Does North Korea Actually Have a Cruise Missile?
A recent warning from U.S. Air Force officials about Pyongyang's missile capabilities may have materialized faster than at first thought. By Rachel Oswald
A nonproliferation expert argues in a new report that North Korea has developed a new cruise missile based on a Russian model.
In a Monday analysis for 38 North, Jeffrey Lewis drew attention to a North Korean propaganda video posted online. For a brief second during the 50-minute recording, which focuses on North Korean military capabilities, a missile is seen fired from what looks to be a ship.
"The video confirms a surprising fact: the cruise missile is a copy of the Russian-produced Kh-35," wrote Lewis, director of the East Asia Nonproliferation Program at the James Martin Center. "These cruise missiles fly at a very high speed just above the water's surface in order to target ships" and were designed in the 1980s and 1990s, his assessment states.
North Korea is the subject of multiple U.N. Security Council resolutions that forbid it from engaging in any weapons commerce with other countries.
Prior reports have suggested that North Korea is working on a cruise missile. Air Force Lt. Gen. James Kowalski, then head of the service's Global Strike Command, included in a slide presentation last year the suspicion that Pyongyang is working on a KN-09 cruise missile that could be fielded within five years. The Air Force considers this cruise missile to be nuclear-capable, though independent experts have criticized that assessment.
Lewis said the North Korean video may depict the KN-09 cruise missile mentioned in last year's Air Force presentation. What is less clear, however, is how the North managed to acquire the precursor Kh-35 missile, he said.
The Russian Kh-35 cannot carry a payload heavier than 150 kilograms or fly further than 130 kilometers, Lewis noted. The Missile Technology Control Regime does not define a missile with those characteristics as nuclear-capable.
Lewis postulated the North "most likely" bought the Kh-35 directly from Russia, but alternatively it might have come from a third-party nation known to have purchased the missile from Moscow. Countries that have imported the Kh-35 include Algeria, India, Vietnam and Myanmar. The latter country's military ties with North Korea have come under most suspicion by the international community.
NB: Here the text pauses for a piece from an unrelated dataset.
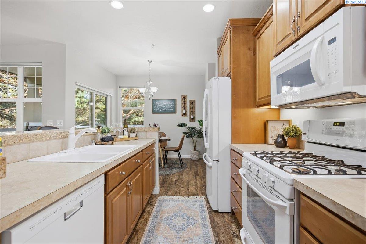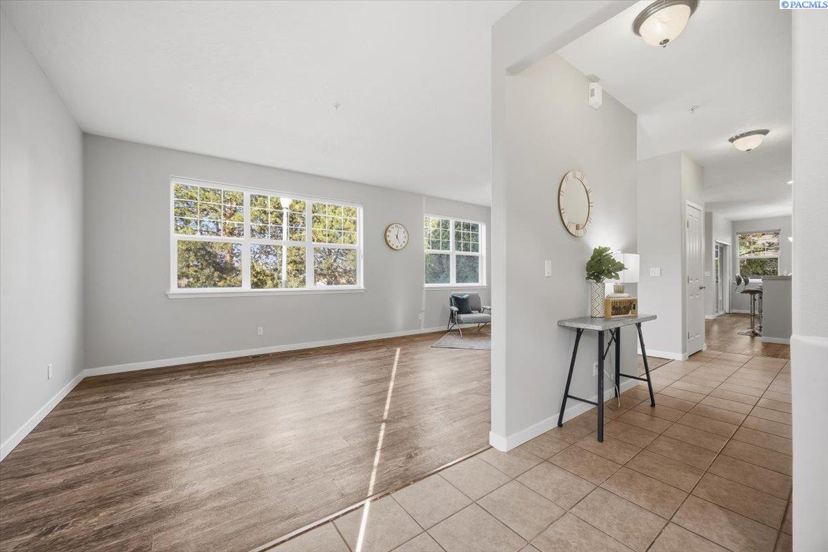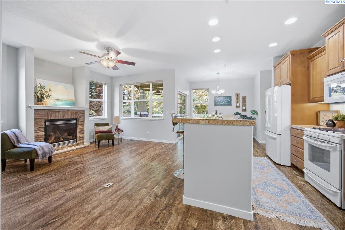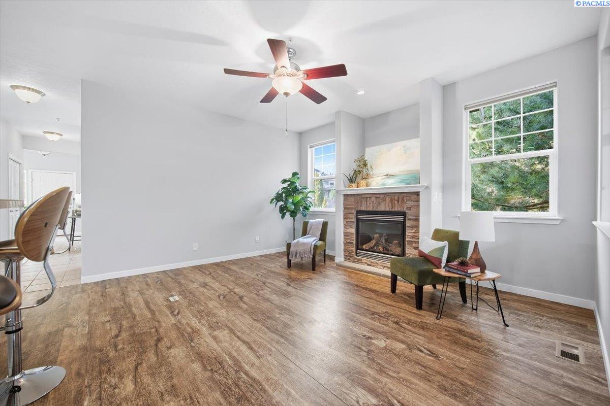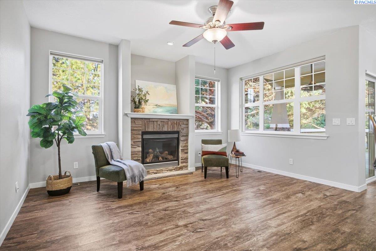 MLS# 290213 Welcome to one of the most spacious homes in this well-established 55+ community, offering 1,906 square feet of comfortable living space in a quiet Kennewick location close to shopping, dining, and everyday conveniences.This home features generously sized rooms, including two spacious bedrooms plus a den that can easily function as a home office, guest room, or hobby space. This great floor plan provides two separate living areas, allowing excellent versatility for entertaining or relaxing. There are many bonus features in this home like a nice size pantry, Vinyl Plank floor that is easy to keep clean, and a gas fireplace for warmth and charm. The primary suite includes a spacious bathroom with dual sinks, a walk-in shower, and a separate soaking tub. The home is accessible, and the laundry room includes a utility sink for added convenience.Outdoor living is a standout with both covered and open deck and patio areas, ideal for enjoying the surrounding wooded feel. Located near the back of the community, this home offers added privacy with less direct exposure to neighboring homes.A unique opportunity to own a spacious, well-laid-out home in a desirable 55+ setting with a peaceful atmosphere and easy access to the heart of Kennewick.

Not everyone is convinced the North Korean video footage is evidence of a cruise missile capability. Chad O'Carroll, founder of the North Korean news website NK News, in an online post noted "there is nothing concrete in the several frames of footage to indicate the cruise missile was filmed flying anywhere near North Korea."
O'Carroll acknowledged on Tuesday it was possible the footage was real. However, he argued for skepticism when analyzing anything produced by North Korean propagandists, particularly "when the primary source is in fact nothing but one second of unattributed footage broadcast on [regime-controlled] KCTV."